In other words, in a pedantic mode, semver-checks'd be justified on requiring minor for any new public item. Even weakening generic requirements might cause inference issues, so e.g. --strict-pedantic should probably require a minor bump for any change to the public API's types; IIUC this matches the intent of semver-minor's "new feature" trigger as well, since the API by construction has new API surface.

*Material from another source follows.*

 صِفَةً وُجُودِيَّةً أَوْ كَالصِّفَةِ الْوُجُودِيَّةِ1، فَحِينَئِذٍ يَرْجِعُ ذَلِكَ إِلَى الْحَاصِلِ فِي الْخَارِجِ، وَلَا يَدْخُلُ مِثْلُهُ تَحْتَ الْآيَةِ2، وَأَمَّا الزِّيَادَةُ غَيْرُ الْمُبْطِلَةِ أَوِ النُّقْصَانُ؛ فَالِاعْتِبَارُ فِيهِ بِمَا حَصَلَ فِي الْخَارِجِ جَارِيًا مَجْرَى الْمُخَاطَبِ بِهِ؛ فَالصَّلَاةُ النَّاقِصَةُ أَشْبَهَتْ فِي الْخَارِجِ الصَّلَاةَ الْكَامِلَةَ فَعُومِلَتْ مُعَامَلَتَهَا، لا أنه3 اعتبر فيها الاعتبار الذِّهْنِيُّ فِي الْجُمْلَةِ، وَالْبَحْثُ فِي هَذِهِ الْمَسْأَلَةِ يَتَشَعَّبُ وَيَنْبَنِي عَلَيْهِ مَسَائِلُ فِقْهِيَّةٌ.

In practice, API evolution in this manner is necessarily considered perfectly acceptable, and is imho very rarely worth warning for. It's a subjective evaluation of how likely both that a name conflict is possible and that some downstream would have both names in scope simultaneously; in most cases this is reasonably rare because of the convention to avoid glob imports^[If you want a version of the lint which can fire without firing on every API change, consider linting only for new trait associated items reachable through a module called prelude, since that's likely designed for glob importing.], and there's not really a good analytical way to determine the risk of a non-globbed name conflict to provide a lint cutoff better than yes/no.

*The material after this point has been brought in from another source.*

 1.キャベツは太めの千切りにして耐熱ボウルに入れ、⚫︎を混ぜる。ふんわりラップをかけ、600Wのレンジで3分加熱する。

Iterator is an especially interesting case because it's a language item trait in the prelude. User types don't have this exacerbating factor (being implicitly available everywhere) for this concern.

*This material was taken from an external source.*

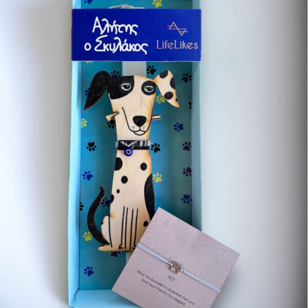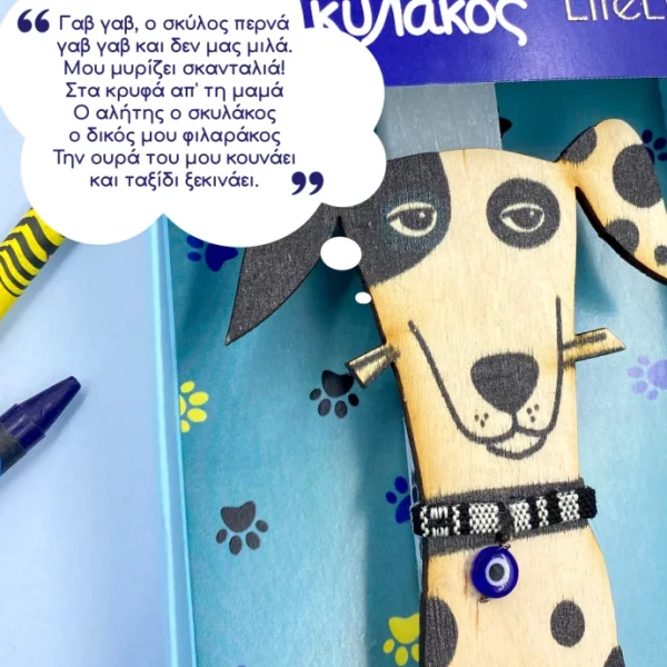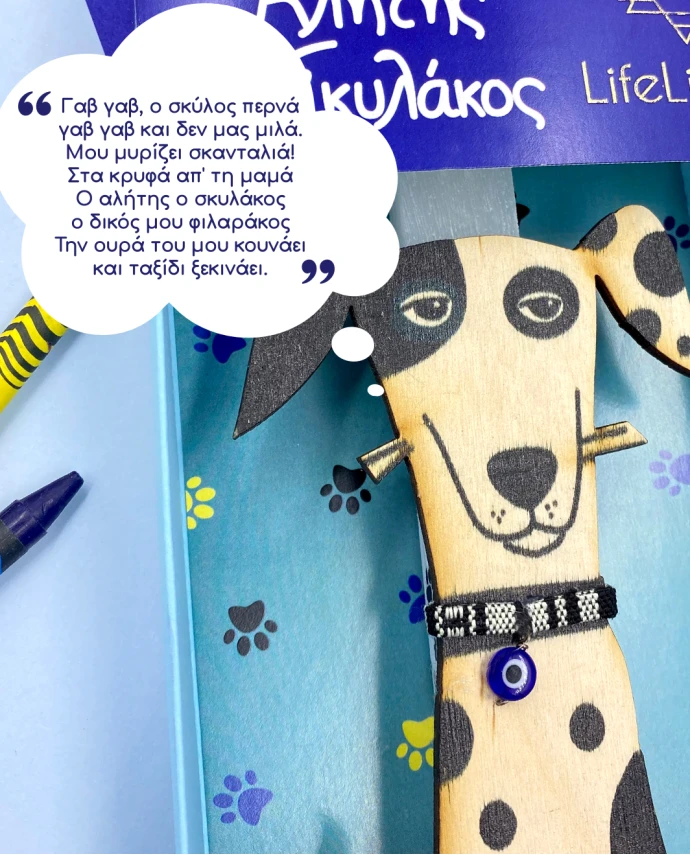 Για το αγαπημένο σου βαφτιστήρι που του αρέσουν τα παιχνιδιάρικα σκυλάκια, ο Αλήτης ο Σκυλάκος, είναι η ιδανική λαμπάδα. Αποτελείται από λευκό κερί, με τον χαριτωμένο σκυλάκο να τη διακοσμεί, ο οποίος στη συνέχεια μπορεί να ξεκρεμαστεί και να κολληθεί οπουδήποτε επιθυμούν τα παιδιά, μιας και είναι μαγνητάκι. Η λαμπάδα “φιλοξενείται” μέσα σε υπέροχη συσκευασία δώρου, εικονογραφημένη με χρωματιστά πατουσάκια, έτοιμη να τη δωρίσεις στα αγαπημένα σου βαφτιστήρια. Και στο πίσω μέρος της λαμπάδας, ένα μικρό ποιημάτακι, για όλα τα παιδάκια: “Γαβ γαβ, ο σκύλος περνά γαβ γαβ και δεν μας μιλά Μου μυρίζει σκανταλιά Στα κρυφά απ’ τη μαμά Ο αλήτης ο σκυλάκος ο δικός μου φιλαράκος Την ουρά του μου κουνάει και ταξίδι ξεκινάει”

Adding trait bounds to an existential return type, e.g. -> impl Foo to -> impl Foo + Send

Note that RPIT already "leaks" autotraits (Send/Sync/Unpin), so that isn't actually a return type refinement.

Actually refining the return type is not-inference-breaking, though you still run the risk of being name-resolution-breaking (e.g. refining to a concrete type or even adding a new guaranteed trait could cause a name conflict with newly applicable extension traits).

In practice, API evolution in this manner is necessarily considered perfectly acceptable, and is imho very rarely worth warning for

The fact that there is a lot of nuance to semver and some parts that are contextual is why I feel like #58 is going to be important.

Here's one not listed: adding a generic (type or const) to a function is a breaking change.

That one is very interesting, and I'm not exactly sure what to make of it.

It's definitely breaking, no doubts there. But as I've written before, some Rust breaking changes don't require a major version — the API evolution RFC says so: https://rust-lang.github.io/rfcs/1105-api-evolution.html

Is adding a generic to an already-generic function covered under that exception?

Is adding a generic to a function that previously wasn't generic covered?

Would love to get your thoughts @jhpratt! These kinds of existential questions are things we run into a lot here 😅

Yes, adding a new generic to a function is a major breaking change. It will break in any case where the type parameters are explicitly provided, like if inference didn't work out. This is true for other API items as well with one exception: if a generic is added to a type or trait but is defaulted, then its a minor breaking change. The explicit type parameters are unchanged but there are cases where inference won't work and it will fail to compile and the API Evolution RFC decided to brush that under the rug and ignore it (I've been bitten by it...)

Also, just because the RFC says something is a minor semver breakage, that doesn't mean the user shouldn't be told as that RFC was written specifically for the stdlib and not as guidance for the ecosystem and even the stdlib sometimes goes to extra lengths to avoid minor breaking changes if the impact is large enough. From what I've heard, they are designing a whole new language feature to allow migrating trait methods from itertools to Iterator without breaking people. Granted, #58 will be important for controlling this.